● Supplied entries
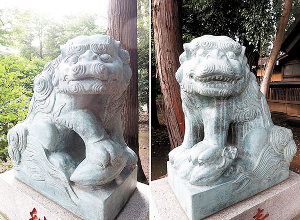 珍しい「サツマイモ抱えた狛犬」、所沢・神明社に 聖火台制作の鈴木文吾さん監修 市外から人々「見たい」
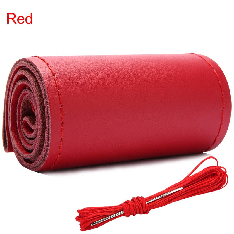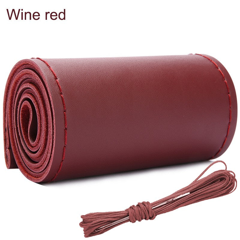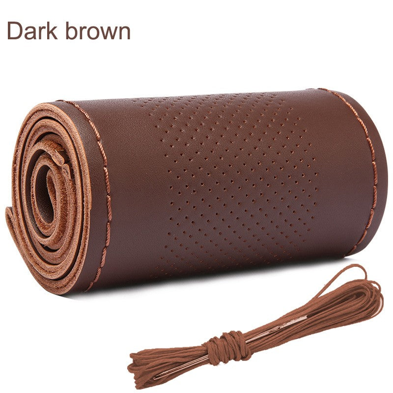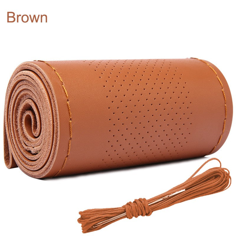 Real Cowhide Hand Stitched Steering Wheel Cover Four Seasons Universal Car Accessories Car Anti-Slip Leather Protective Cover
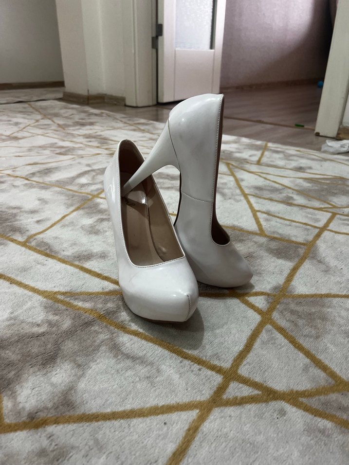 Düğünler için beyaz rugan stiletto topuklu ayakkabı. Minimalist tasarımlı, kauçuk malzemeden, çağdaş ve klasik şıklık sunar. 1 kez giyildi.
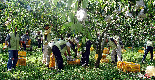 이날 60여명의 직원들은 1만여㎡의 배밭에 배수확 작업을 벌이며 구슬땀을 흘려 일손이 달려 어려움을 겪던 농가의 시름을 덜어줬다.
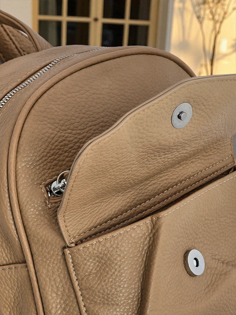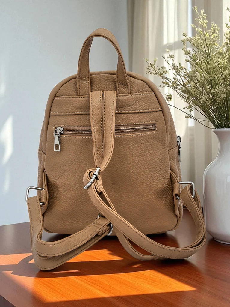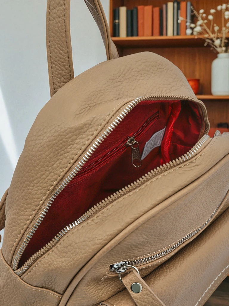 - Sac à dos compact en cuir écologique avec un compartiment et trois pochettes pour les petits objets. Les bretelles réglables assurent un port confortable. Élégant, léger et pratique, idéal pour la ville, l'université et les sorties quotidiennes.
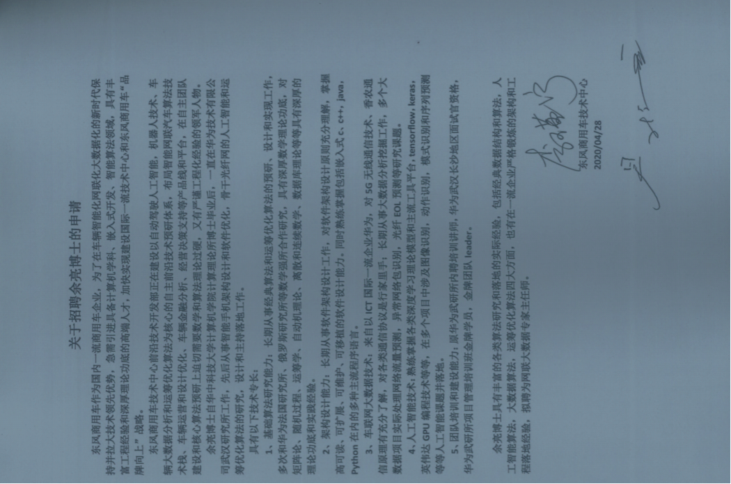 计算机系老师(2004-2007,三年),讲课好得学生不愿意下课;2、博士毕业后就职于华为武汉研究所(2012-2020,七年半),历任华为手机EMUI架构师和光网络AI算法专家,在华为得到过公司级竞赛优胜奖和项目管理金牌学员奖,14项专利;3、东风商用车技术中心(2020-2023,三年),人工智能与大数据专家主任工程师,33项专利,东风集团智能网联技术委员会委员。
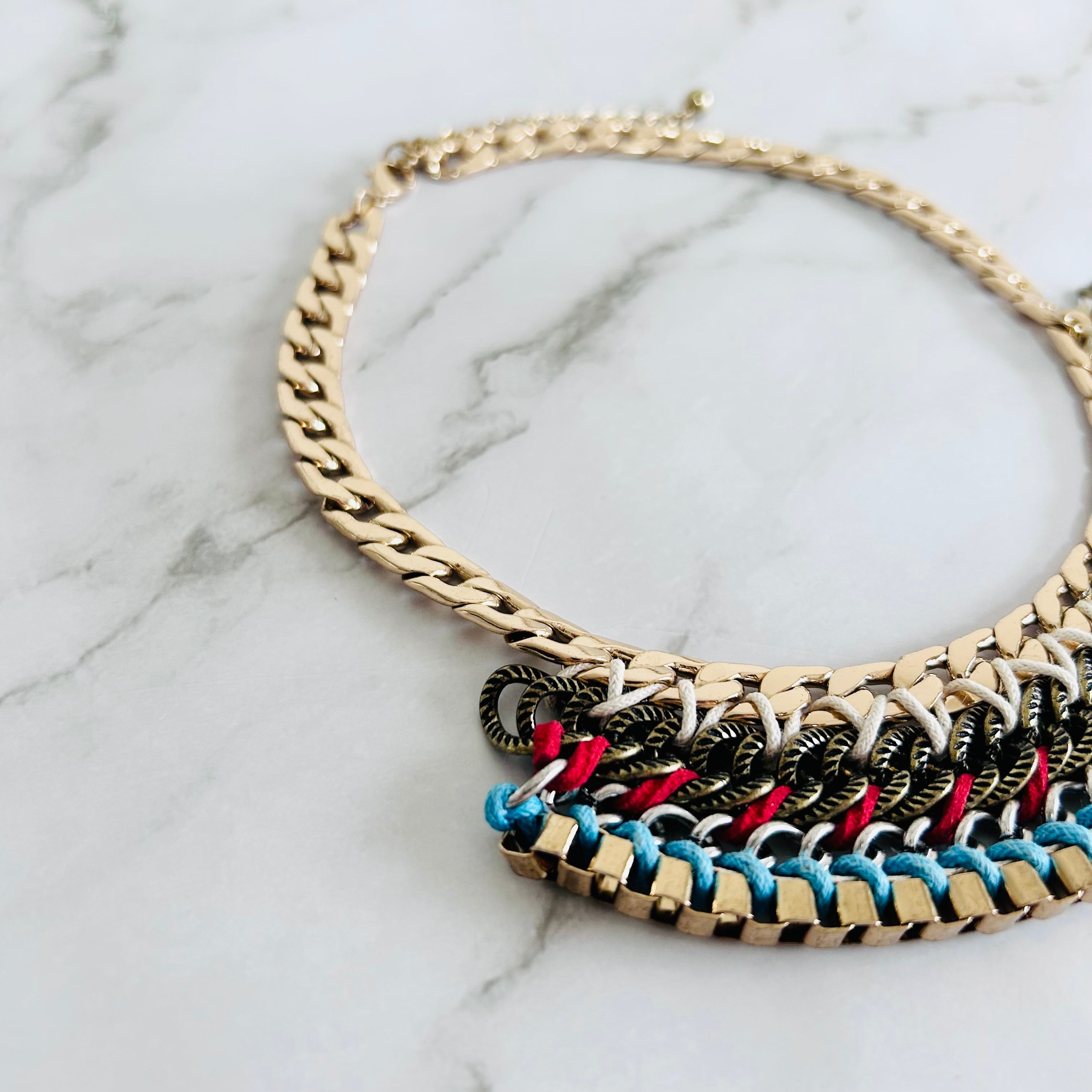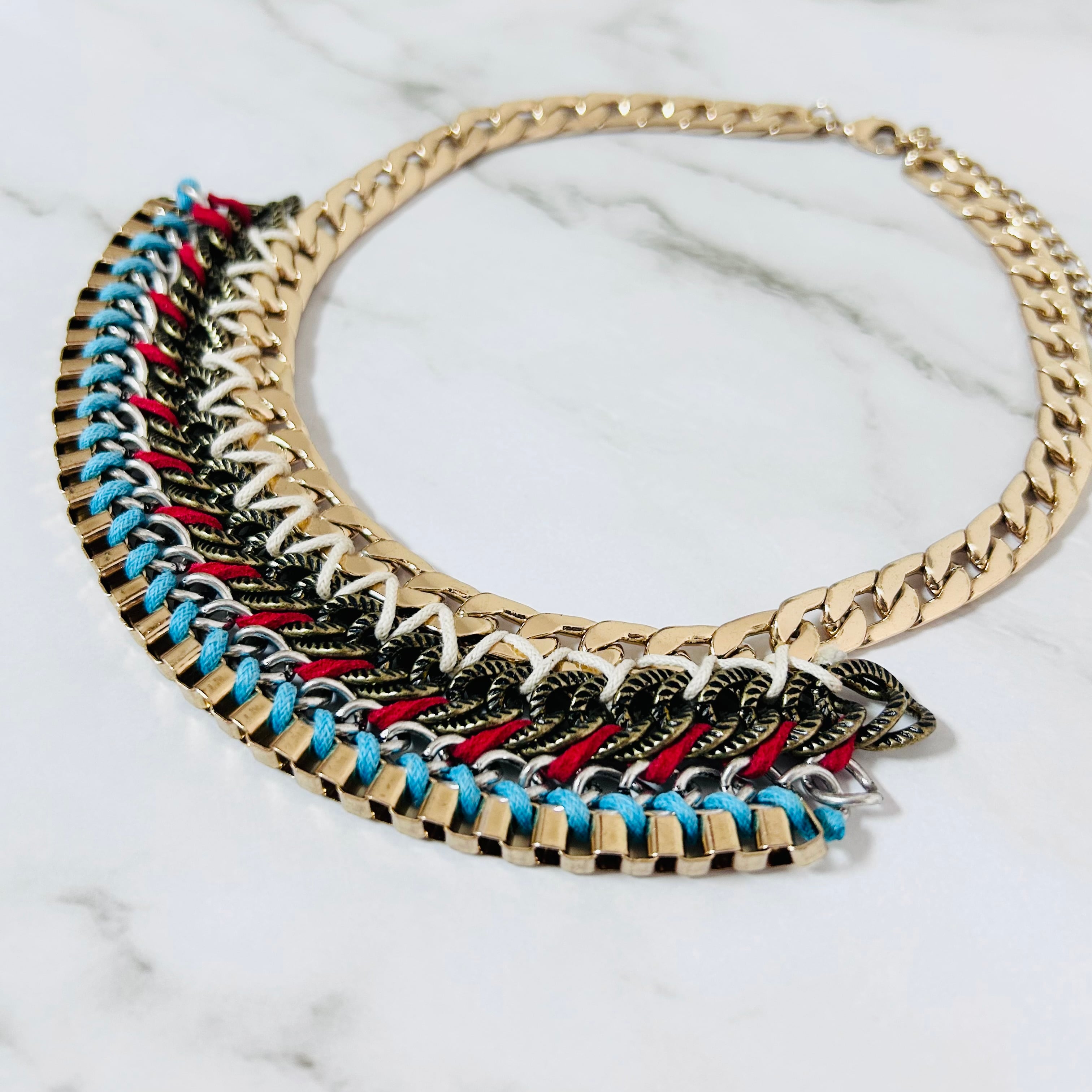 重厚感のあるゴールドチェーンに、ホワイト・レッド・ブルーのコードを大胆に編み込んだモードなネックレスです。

● Problem to solve
Beginning at the line above that contains "이날 60여명의 직원들은", repeat each line exactly through the one that contains "- Sac à dos", and leave out the pictures.

● Response for this exercise
 이날 60여명의 직원들은 1만여㎡의 배밭에 배수확 작업을 벌이며 구슬땀을 흘려 일손이 달려 어려움을 겪던 농가의 시름을 덜어줬다.
 - Sac à dos compact en cuir écologique avec un compartiment et trois pochettes pour les petits objets. Les bretelles réglables assurent un port confortable. Élégant, léger et pratique, idéal pour la ville, l'université et les sorties quotidiennes.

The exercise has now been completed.